§ ACTIVITY: No pictures, please. Output the lines from the start of the data through the line that contains "Bookmarks (Wave Style)", both included, exactly as they stand.

Saved entries
*** Begin section ***

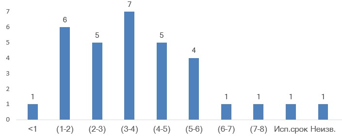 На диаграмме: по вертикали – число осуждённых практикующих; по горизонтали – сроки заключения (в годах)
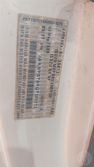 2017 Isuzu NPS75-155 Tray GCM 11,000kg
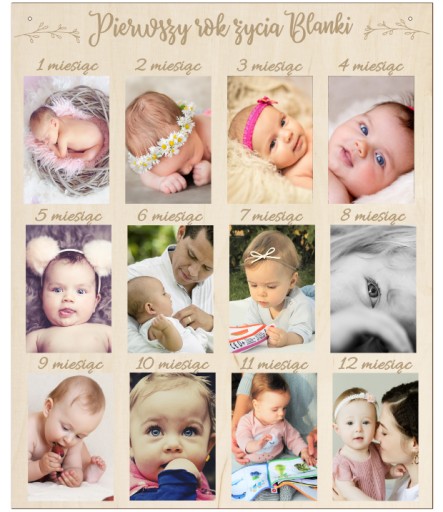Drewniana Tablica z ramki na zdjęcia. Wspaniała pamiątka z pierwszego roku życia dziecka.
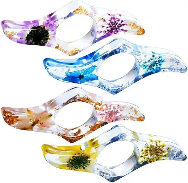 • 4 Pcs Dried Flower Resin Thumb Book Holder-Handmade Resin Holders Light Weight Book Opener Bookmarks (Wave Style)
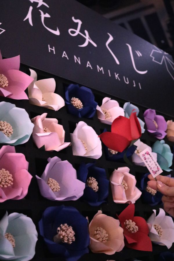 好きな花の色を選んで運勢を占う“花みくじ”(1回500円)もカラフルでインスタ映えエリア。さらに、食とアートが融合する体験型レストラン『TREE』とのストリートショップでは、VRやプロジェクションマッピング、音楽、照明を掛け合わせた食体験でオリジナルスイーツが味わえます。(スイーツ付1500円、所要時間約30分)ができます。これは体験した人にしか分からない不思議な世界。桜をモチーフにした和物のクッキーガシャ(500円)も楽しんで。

*** End section ***

§ RESULT FOR THIS EXERCISE:
 На диаграмме: по вертикали – число осуждённых практикующих; по горизонтали – сроки заключения (в годах)
 2017 Isuzu NPS75-155 Tray GCM 11,000kg
Drewniana Tablica z ramki na zdjęcia. Wspaniała pamiątka z pierwszego roku życia dziecka.
 • 4 Pcs Dried Flower Resin Thumb Book Holder-Handmade Resin Holders Light Weight Book Opener Bookmarks (Wave Style)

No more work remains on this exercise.